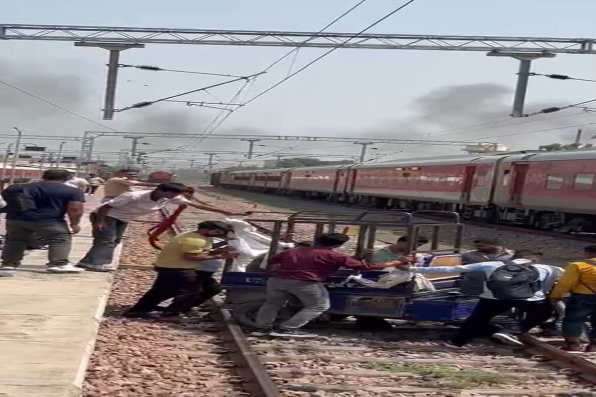 – ट्रेन देरी से आ रही थी, इसी बीच लोगों ने ट्रेक से हटाया ई-रिक्शा
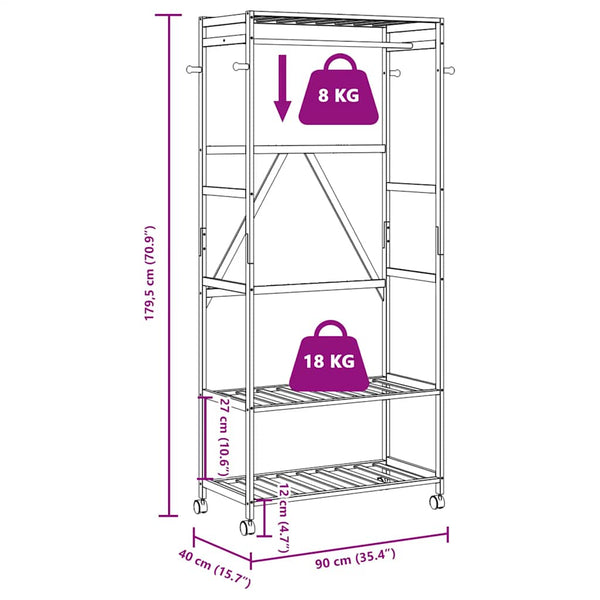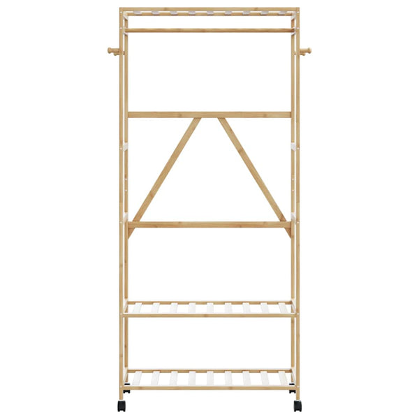 Vaateteline hyllyillä ja pyörillä 90x40x179,5cm bambu
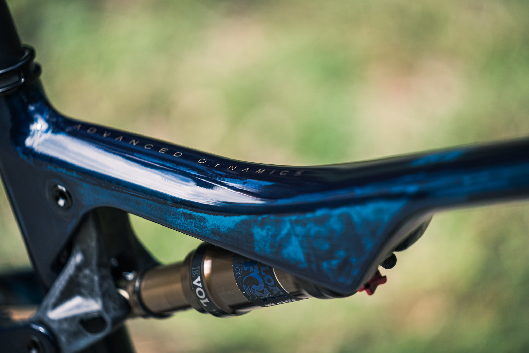 Le résultat, d’après la marque, c’est un poids annoncé du cadre, de la visserie et de l’amortisseur, à 1740g (en taille M), soit 250g de moins que pour le millésime précédent.
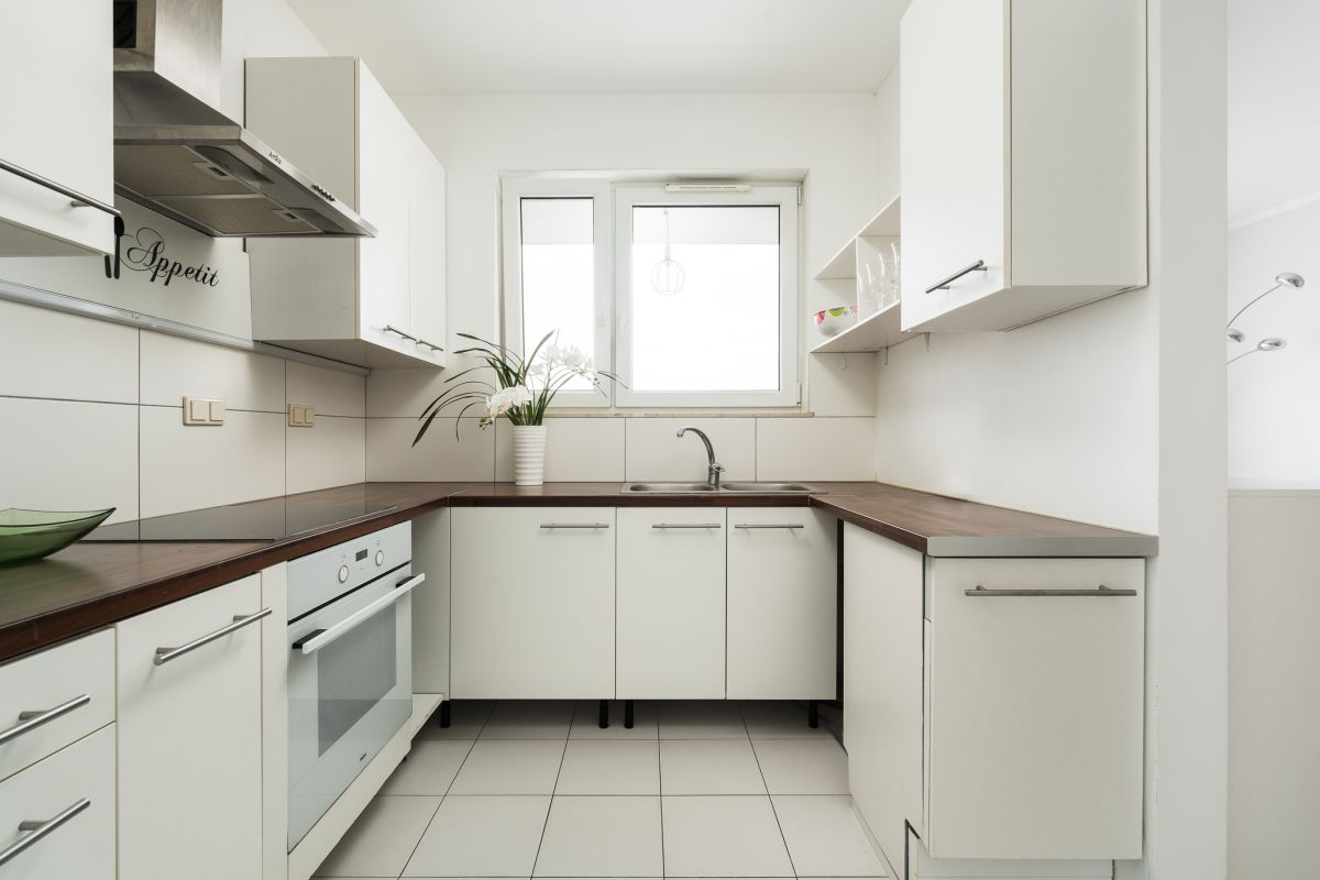 - Oddzielna, widna kuchnia z ergonomicznie rozplanowanymi blatami i szafkami. Duże okno wprowadza do wnętrza naturalne światło.
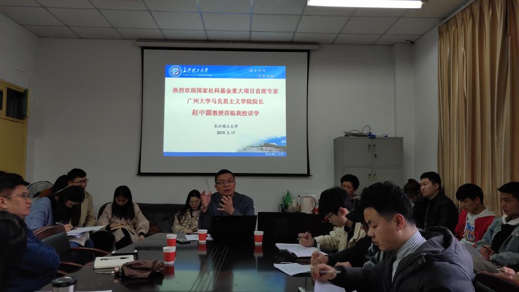 2019年3月17日上午,国家社科基金重大项目首席专家、广州大学马克思主义学院院长、博士生导师赵中源教授,应邀来到开云官网金盆岭校区4教503室,为马克思主义学院师生们带来了一场主题为“更多获得感的末端‘梗阻’与突破”的学术讲座。马克思主义学院党委易显飞书记、陈万球院长、张明海副院长、陆群教授、文贵全博士、廖苗博士等学院教师和30多名研究生参加了此次讲座。讲座由陈万球教授主持。
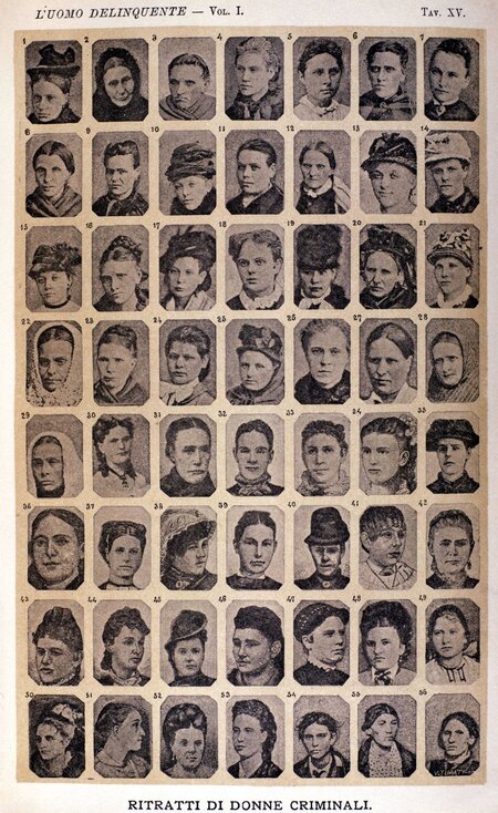 Ломброзо также классифицировал женщин-преступниц. Он утверждал, что они обладают «мужскими» чертами: выступающая челюсть, крупные уши, грубые черты лица, низкий голос[12]. На таблицах из его атласа — фотографии женщин в анфас и профиль, с рукописными пометками о физических особенностях: «отсутствие мочек ушей», «вертикальная морщина», «маскулинность». Визуализация превращает индивидуальность в диагноз.
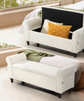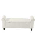 This large white Storage Ottoman with faux Sherpa fabric offers extra seating and hidden storage. Its cushioned top provides comfort, while the spacious interior keeps your home tidy by storing linens, cushions, or other items. Featuring durable metal hinges and easy-to-assemble legs, it adds stylish practicality to any living space.
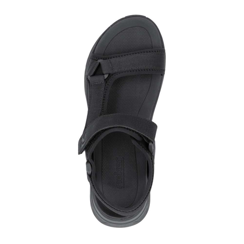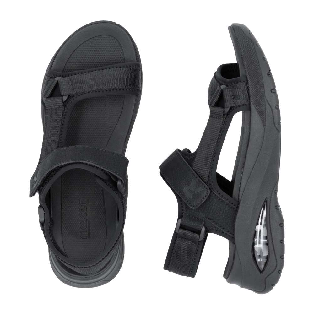 Užívejte si sportovní styl s botami značky RIEKER. Sportovní černé sandály RIEKER jsou opravdu nadčasovým kouskem, který by neměl chybět ve vašem šatníku, pokud hledáte obuv, která kombinuje pohodlí, funkčnost a styl. Tyto sandály se skvěle hodí pro každodenní nošení i pro různé venkovní aktivity, díky čemuž jsou univerzální a velmi praktické. Pásek přes nárt je nastavitelný a vybaven suchým zipem pro perfektní přizpůsobení noze a snadné nazutí. Vyšší podešev se vzduchovým prvkem v zadní části zajišťuje vynikající tlumení nárazů a komfort při chůzi. Pokud hledáte pohodlnou obuv na běžné dny, sandály RIEKER jsou jistě výbornou volbou. Dokonalá souhra moderního vzhledu a maximálního pohodlí díky funkčním technologiím to jsou boty RIEKER Sport. Technologie: Antistress – díky čtyřem antistresovým vlastnostem – lehkosti, pružnosti, prostornosti a vynikající absorpci nárazů – vám boty RIEKER nabídnou komfortnější chůzi. Vegan - pro zodpovědný životní styl bez živočišných materiálů.

**********

→ **WORK TASK**
Make an exact copy of every entry above, but keep the pictures out of it.

→ **TASK RESULT**
 – ट्रेन देरी से आ रही थी, इसी बीच लोगों ने ट्रेक से हटाया ई-रिक्शा
 Vaateteline hyllyillä ja pyörillä 90x40x179,5cm bambu
 Le résultat, d’après la marque, c’est un poids annoncé du cadre, de la visserie et de l’amortisseur, à 1740g (en taille M), soit 250g de moins que pour le millésime précédent.
 - Oddzielna, widna kuchnia z ergonomicznie rozplanowanymi blatami i szafkami. Duże okno wprowadza do wnętrza naturalne światło.
 2019年3月17日上午,国家社科基金重大项目首席专家、广州大学马克思主义学院院长、博士生导师赵中源教授,应邀来到开云官网金盆岭校区4教503室,为马克思主义学院师生们带来了一场主题为“更多获得感的末端‘梗阻’与突破”的学术讲座。马克思主义学院党委易显飞书记、陈万球院长、张明海副院长、陆群教授、文贵全博士、廖苗博士等学院教师和30多名研究生参加了此次讲座。讲座由陈万球教授主持。
 Ломброзо также классифицировал женщин-преступниц. Он утверждал, что они обладают «мужскими» чертами: выступающая челюсть, крупные уши, грубые черты лица, низкий голос[12]. На таблицах из его атласа — фотографии женщин в анфас и профиль, с рукописными пометками о физических особенностях: «отсутствие мочек ушей», «вертикальная морщина», «маскулинность». Визуализация превращает индивидуальность в диагноз.
 This large white Storage Ottoman with faux Sherpa fabric offers extra seating and hidden storage. Its cushioned top provides comfort, while the spacious interior keeps your home tidy by storing linens, cushions, or other items. Featuring durable metal hinges and easy-to-assemble legs, it adds stylish practicality to any living space.
 Užívejte si sportovní styl s botami značky RIEKER. Sportovní černé sandály RIEKER jsou opravdu nadčasovým kouskem, který by neměl chybět ve vašem šatníku, pokud hledáte obuv, která kombinuje pohodlí, funkčnost a styl. Tyto sandály se skvěle hodí pro každodenní nošení i pro různé venkovní aktivity, díky čemuž jsou univerzální a velmi praktické. Pásek přes nárt je nastavitelný a vybaven suchým zipem pro perfektní přizpůsobení noze a snadné nazutí. Vyšší podešev se vzduchovým prvkem v zadní části zajišťuje vynikající tlumení nárazů a komfort při chůzi. Pokud hledáte pohodlnou obuv na běžné dny, sandály RIEKER jsou jistě výbornou volbou. Dokonalá souhra moderního vzhledu a maximálního pohodlí díky funkčním technologiím to jsou boty RIEKER Sport. Technologie: Antistress – díky čtyřem antistresovým vlastnostem – lehkosti, pružnosti, prostornosti a vynikající absorpci nárazů – vám boty RIEKER nabídnou komfortnější chůzi. Vegan - pro zodpovědný životní styl bez živočišných materiálů.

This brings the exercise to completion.